Она кивает на женщину за регистрационным столом.

– Ты же уже сказал его Лорейн.

Лорейн за столом понимающе улыбается.

Я делаю глубокий вдох.

– Никаких имен! – говорю я.

– Хорошо, никаких имен, – соглашается она. – Должно быть, Неизвестный Мне Мальчик, это чертовски запутанная история.

Она скрещивает ноги, разворачивается ко мне всем телом и смотрит мне в глаза.

– Ну? – говорит она.

– Что – «ну»?

– Ну скажи что-нибудь.

– Мне очень понравилась статья «Квинсленд помнит», которую вы написали про Дрища.

– Спасибо, – говорит она.

– Мне пришлись по душе ваши слова, что он в конце концов сбежал из Богго-Роуд, выйдя оттуда через главные ворота свободным человеком.

Кэйтлин кивает.

– Это действительно так, – говорю я. – По итогу, величайшим трюком из всех, которые он когда-либо проделывал, стало выживание. В этом вся суть. Люди всегда говорят, каким хитрым он был в тюрьме, но никогда не говорят о его терпении и воле, или о его решимости, или о том, сколько раз он думал, не наглотаться ли ему бритвенных лезвий.

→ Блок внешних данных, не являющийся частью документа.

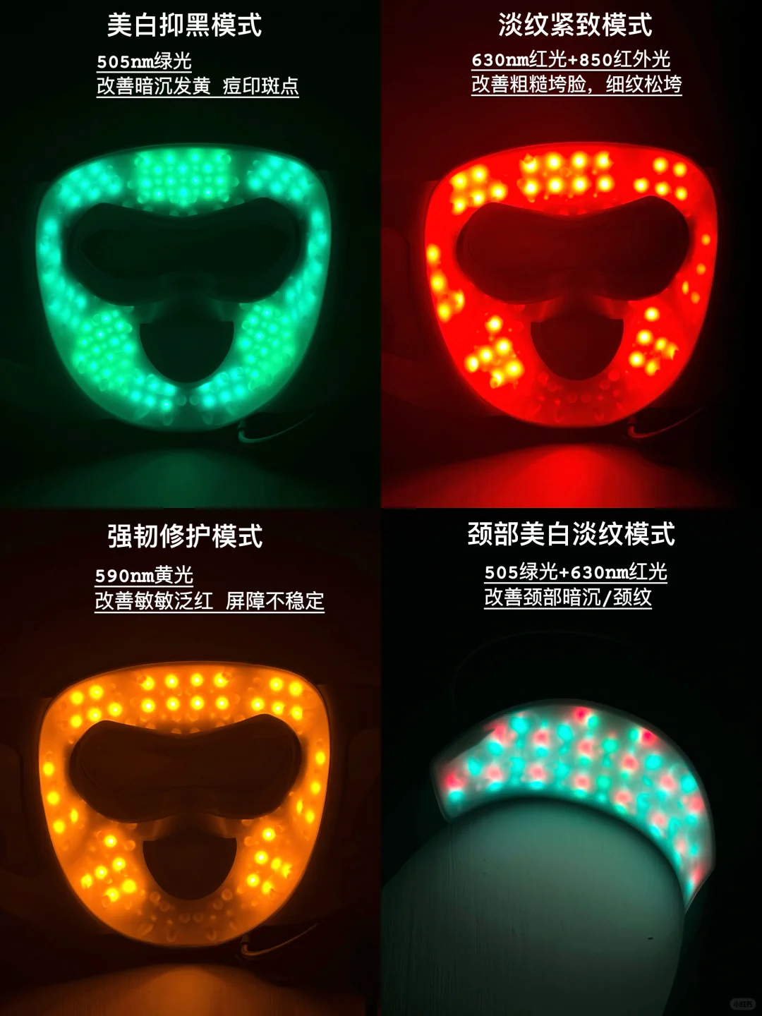 1️⃣绿光:美白抑黑 2️⃣红光+红外光:紧致淡纹

– Хорошо сказано, образно, – замечает Кэйтлин.

– Но вы упустили самую горькую часть истории Дрища.

– Говори, какую.

– То обстоятельство, что он хотел бы быть хорошим, но плохое в нем постоянно этому препятствовало, – говорю я. – Он был в этом похож на любого другого человека, в нем присутствовало и хорошее, и плохое, но у Дрища никогда не было шанса дать своей хорошей стороне достаточно времени, чтобы проявиться. Большая часть его жизни прошла за решеткой, а когда ты в тюрьме – быть хорошим означает быть мертвым.

– А ты не слишком ли молод, чтобы задумываться о судьбах квинслендских заключенных? – спрашивает Кэйтлин. – Разве тебе не полагается еще собирать фигурки Суперменов или что-то в этом роде?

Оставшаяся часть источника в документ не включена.